“I’m sick, that’s all.”
“Trying to work the list, eh?” asked another.
“I don’t know what working the list may be, but I’m anything you want to call me.”
“He means getting on the binnacle list,”
“What’s that?” wondered Sam.
“Being excused by the doctor for one day on account of a fit of laziness that makes a fellow think he’s sick.”
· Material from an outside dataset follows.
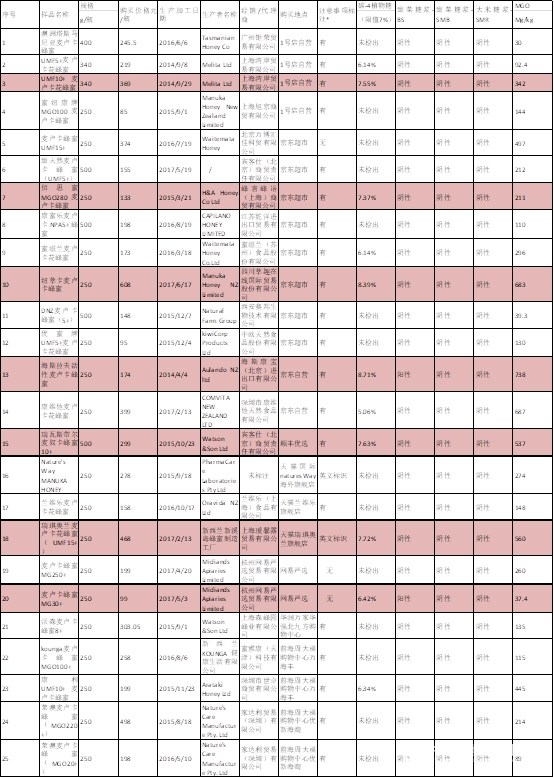 另一方面,根据MGS(新西兰官方认可的麦卢卡蜂蜜认证标准)官网发布,MGO含量小于300mg/kg的麦卢卡蜂蜜不具备显著的抗菌品质。本次25款麦卢卡蜂蜜中,MGO实测大于300mg/kg的产品共8款,另有17款麦卢卡蜂蜜MGO实测含量小于300mg/kg;而这17款麦卢卡蜂蜜平均价格为71.6元/100g,是国产蜂蜜平均价格6.8元/100g的10倍(对比深圳消委会前期国产蜂蜜比较试验产品价格)。

“I don’t think; I know,” was the lad’s muttered response. However, Sam resolutely stuck to his work, though every plunge of the battleship threatened him with a final collapse to the deck.
Somehow, he managed to pull himself through that long morning without, as he called it, “disgracing myself.” When the command came, “knock off scrubbing decks,” Sam broke ranks and ran for the forecastle. He did not dare trust himself to walk, for he feared he would be unable to keep on his feet.
But his headlong course was an unsafe one through the narrow corridors of a man-of-war, and many a jackie and marine’s shins were rapped soundly by the handle of the deck swab, during Sam’s wild dash. The jackies yelled at him, now and then one hurling something at the fleeing lad, but Sam did not stop until something finally happened to check his mad career.
Somehow his swab handle was thrust between the feet of a man standing with his back to the lad. This occurred on the gun deck.